The Highland Dance Competition was a lively new Forest Festival event held Sept. 30 in the amphitheater at Davis & Elkins College. Katy Dillon, a talented local dancer who received certification from the British Association of Teachers of Dance, organized this competition. The event brings new energy to the MSFF celebration of traditions that shaped Appalachian culture.

Highland dancers came from many parts of West Virginia as well as Maryland, Michigan, Ohio, Pennsylvania and Virginia. They competed within various levels of experience. Little primary dancers did the Pas de Basque, Highland Fling, and Sword Dance with tiny kilts flipping in wind. Beginners added the Seann Triubhas, and Scottish Lilt, and Intermediate level added the Highland Laddie and Sailor’s Hornpipe.

The dancing was artistic, athletic and authentic. The mindful precision and graceful confidence increased with each higher level, but the joy of being active was alive in every dancer. A judge sat at the front of the stage watching to see if mistakes were made. The younger contestants danced from 10 a.m. until noon when medals and scholarships were awarded.

After lunch the more experienced dancers began their competition.

We all remember the sound of the WV Highlanders playing bagpipes in their yellow and black plaids in the Forest Festival Parade. When they represented the local American Legion in 1947 Cyrus Kump was one of the early members of the Highlanders. Now Bruce Dillon, Katy’s father, is a Highlander who sustains the bagpiping tradition in Elkins reminding us that our ancestors were proud of their ancient customs of music and dance.

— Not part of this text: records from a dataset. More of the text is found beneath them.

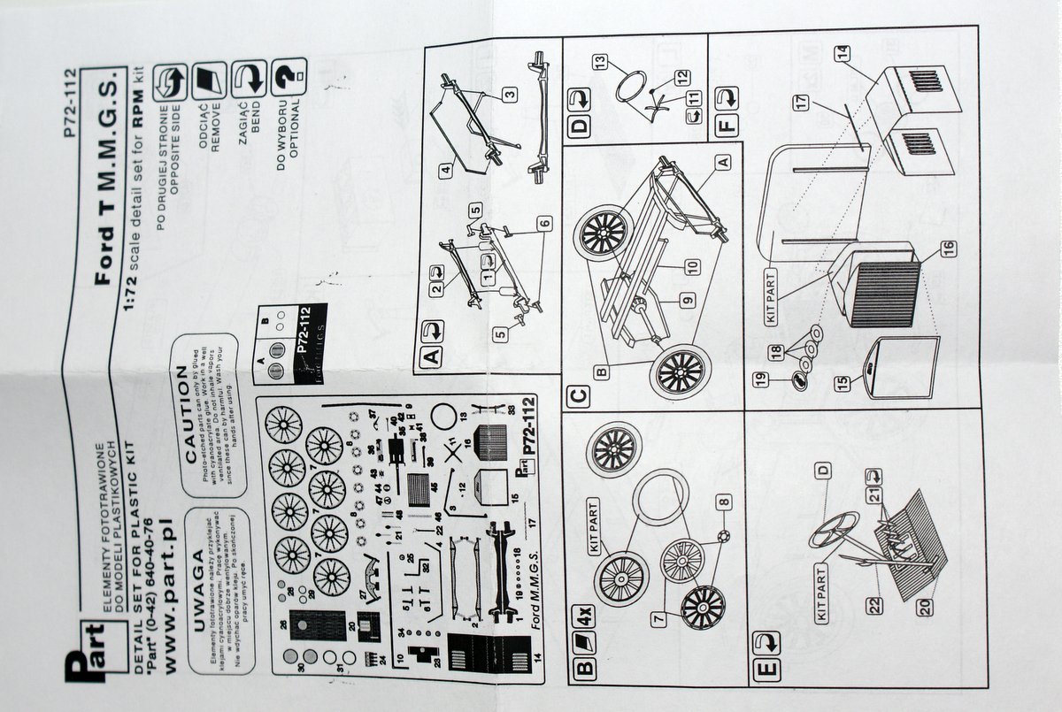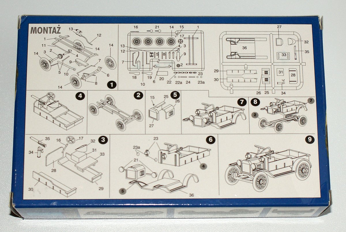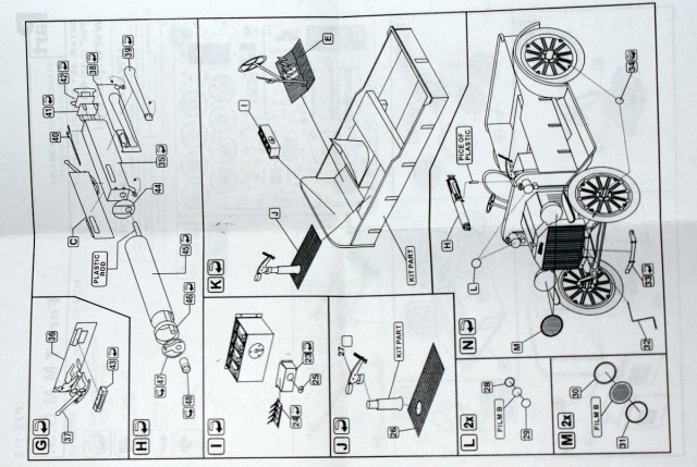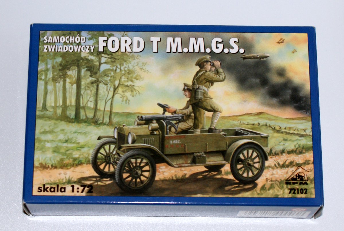 Представляю Вам обзор очень небольшой, но достаточно интересной модели разведывательного автомобиля Ford-T M.M.G.S. от RPM. В коробке с боковой загрузкой находятся два маленьких литника, серого и черного цвета, крохотная декаль на один вариант. Инструкция по сборке находится прямо на коробке.
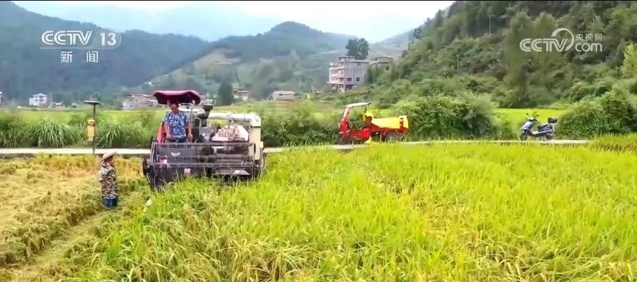 央視網(wǎng)消息:近段時間,重慶酉陽土家族苗族自治縣的26萬畝水稻陸續(xù)進入成熟期,種植戶們駕駛著收割機穿梭在田間,搶收水稻,確保顆粒歸倉。
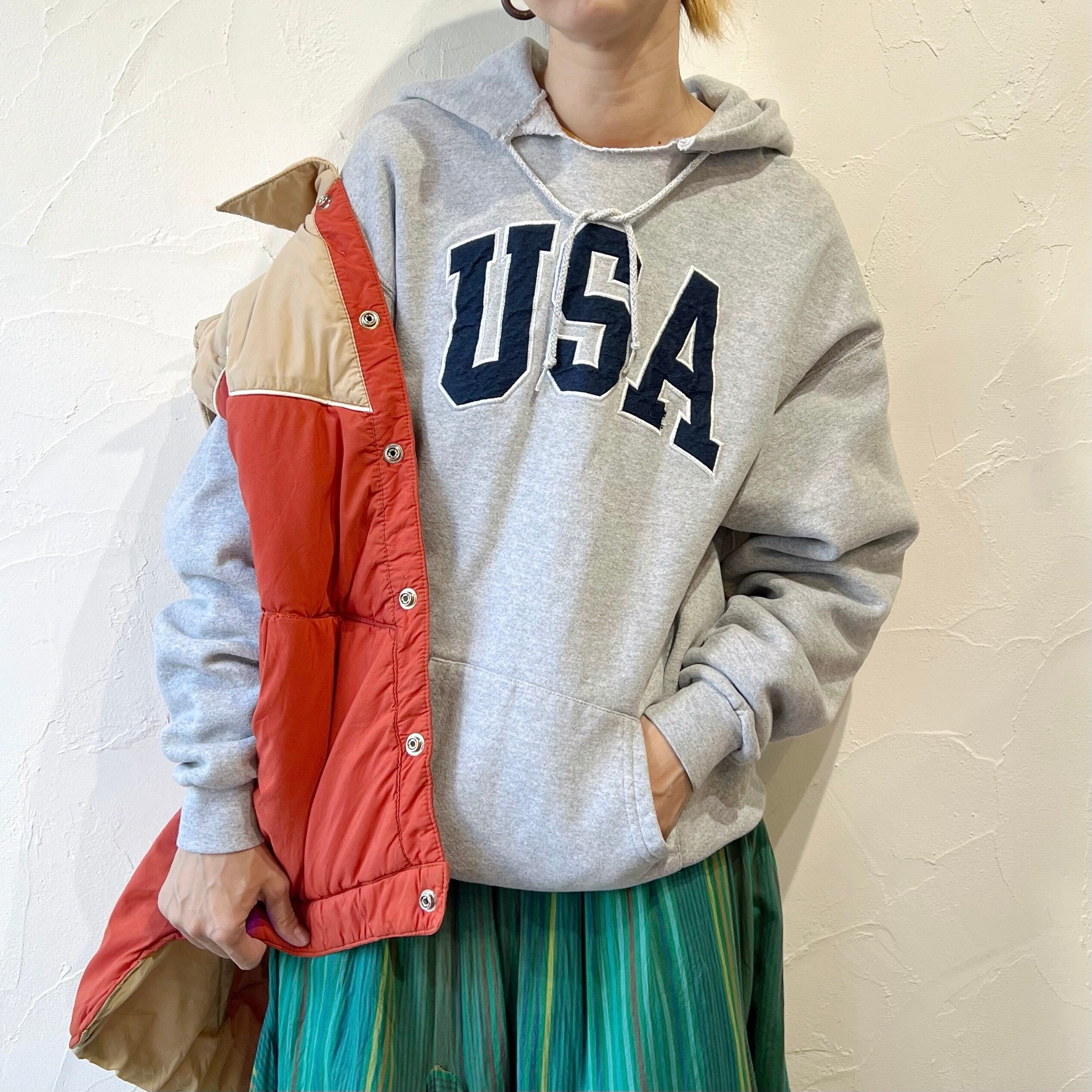 大きなUSAのフェルトのパッチがインパクト大のフーディー。
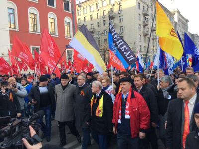 Шествие "Мы едины" в Москве завершилось митингом в Театральном проезде, где выступили лидеры политических партий, артисты и герои труда. На митинге выступил лидер КПРФ Г.А.Зюганов.
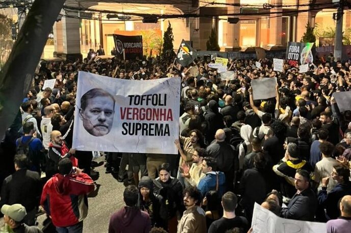 Manifestação diante do Master grita Fora, Toffoli e pede delação
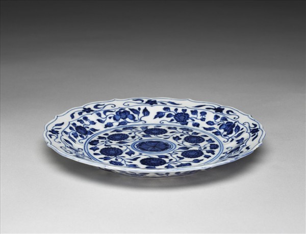 青花四季花卉紋花口盤
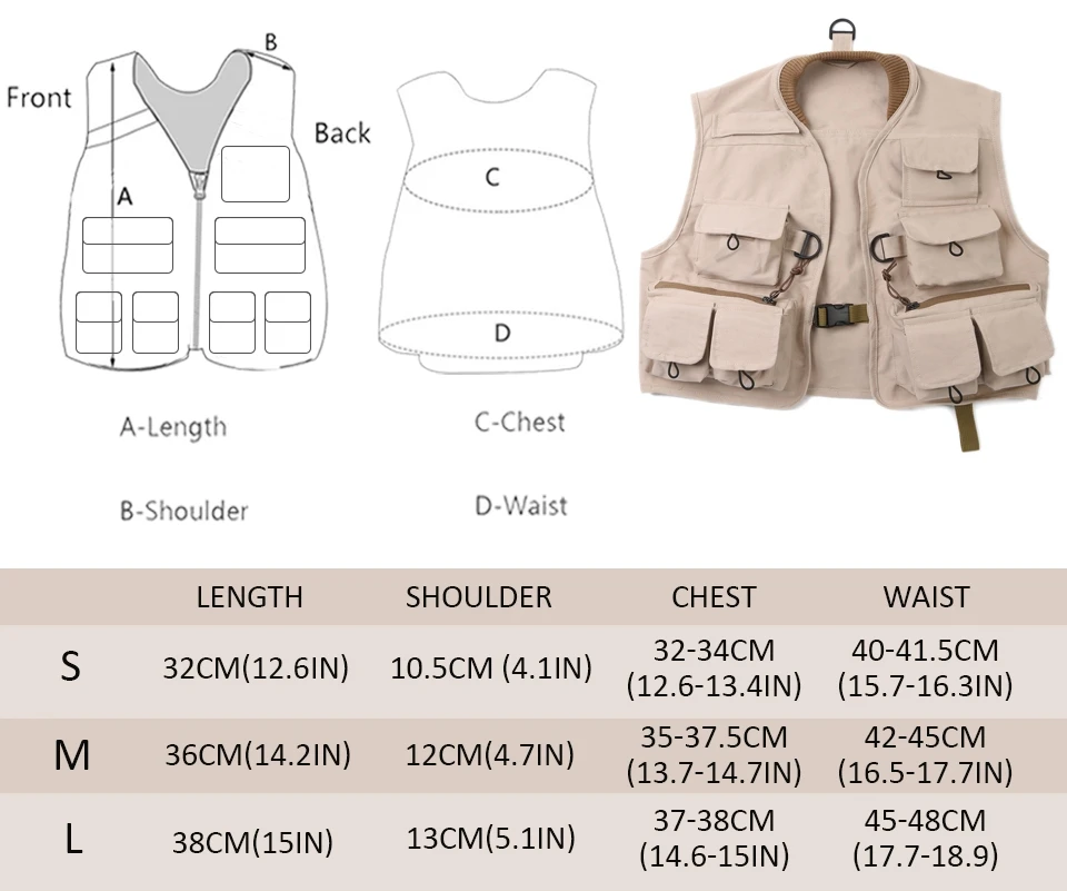 Diseño de 12 bolsillos para guardar lo que necesita y anillos en D para una fácil fijación y mantener los engranajes cerca.Bolsillos con cierre de velcro para guardar los equipos y snacks.Bolsillo trasero profundo con cremallera para artículos grandes.
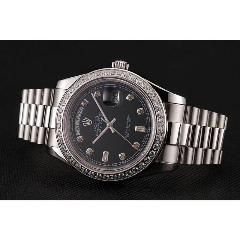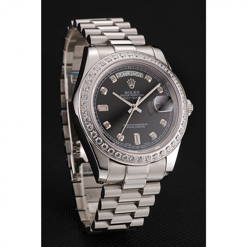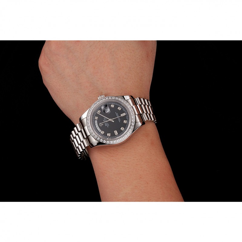 pulsera: cepillado y pulido inoxidable brazalete de acero de enlace con el logotipo de Rolex tallado cierre oculto
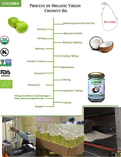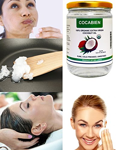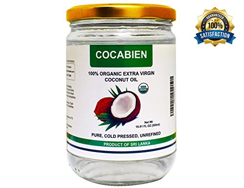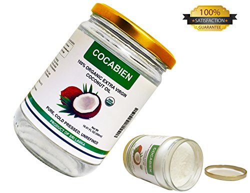 Cocabien Organic Extra Virgin Pure MCT Cold Pressed Kosher Coconut Oil For Baking Cooking Hair Baby Skin Treatment Moisturizer Pets Unrefined In Glass Jar NON-GMO 16.9oz
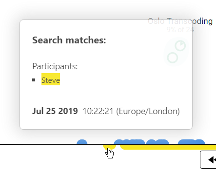When a filter is applied in live view, the timeline at the bottom of the page indicates in yellow all the times in the past when there was a conference or participant matching the filter. If you hover over these yellow indicators, information about the match will appear.
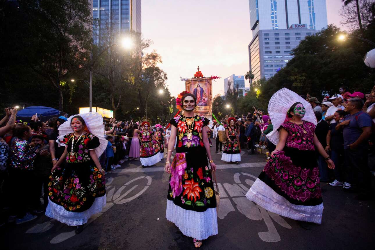 Τρελό πανηγύρι είναι οι μεξικάνικες φιέστες για την Ημέρα των Νεκρών: γυναίκες κυκλοφορούν καταλλήλως μακιγιαρισμένες ώστε να μοιάζουν σαν περιφερόμενα ζόμπι
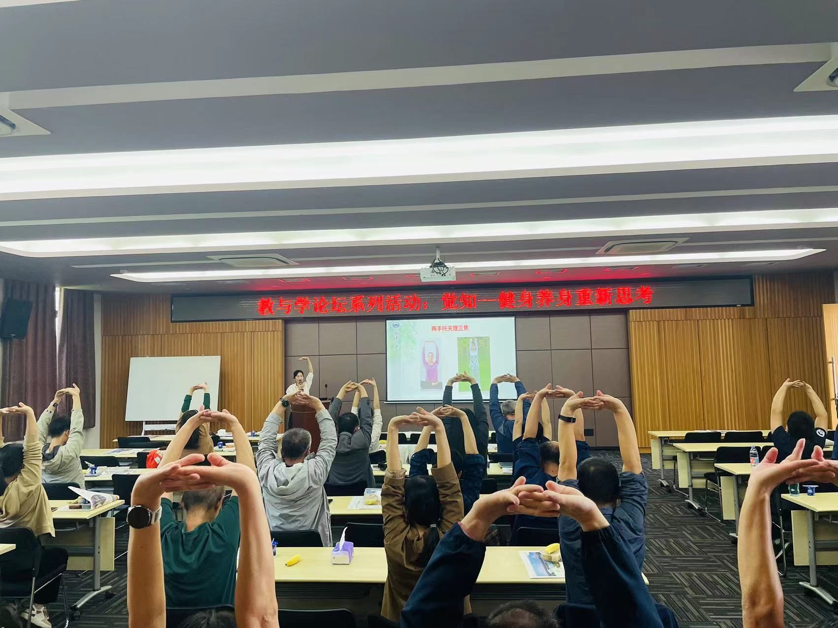2023年10月11日中午,继心理健康系列讲座之后,物理学院教发中心与工会联合第一党支部就教职工们当下比较关心的健康管理问题举办了 “觉知——健身、养生的重新思考”健康管理讲座,本次讲座吸引了院内外的50多名教职工参加。
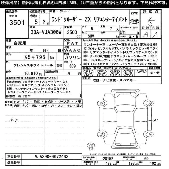 Год выпуска2023 Пробег 6 000 км КузовVJA300W КомплектацияZX REAR ENTERTAINMENT
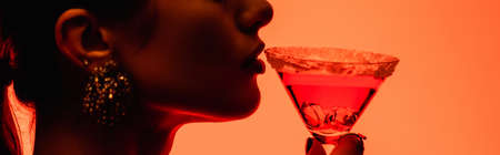side view of young woman drinking margarita cocktail on orange, banner

Many of the traditional skills exhibited in Forest Festival athletic events have declined over the years. For instance, he Knights of the South Branch Valley have stopped riding the course to spear rings that hung down from arches sets at intervals along their path. By 2014 the knights were no longer able to train horses and young riders for the tournament that took place on the D&E lower lawn.

Farming, homemaking and timbering have changed since the 1930s when the Forest Festival began. Even the Wood Chopping Contest has become more automated, and most of the quilters use sewing machines in some part of their production process.

However, the sprightliness of young people in plaid kilts dancing up and down animated by bagpipe music makes our hearts leap with joy. It is not just a celebration of an ancient tradition; it is an affirmation that the human spirit enlivens the 21st century.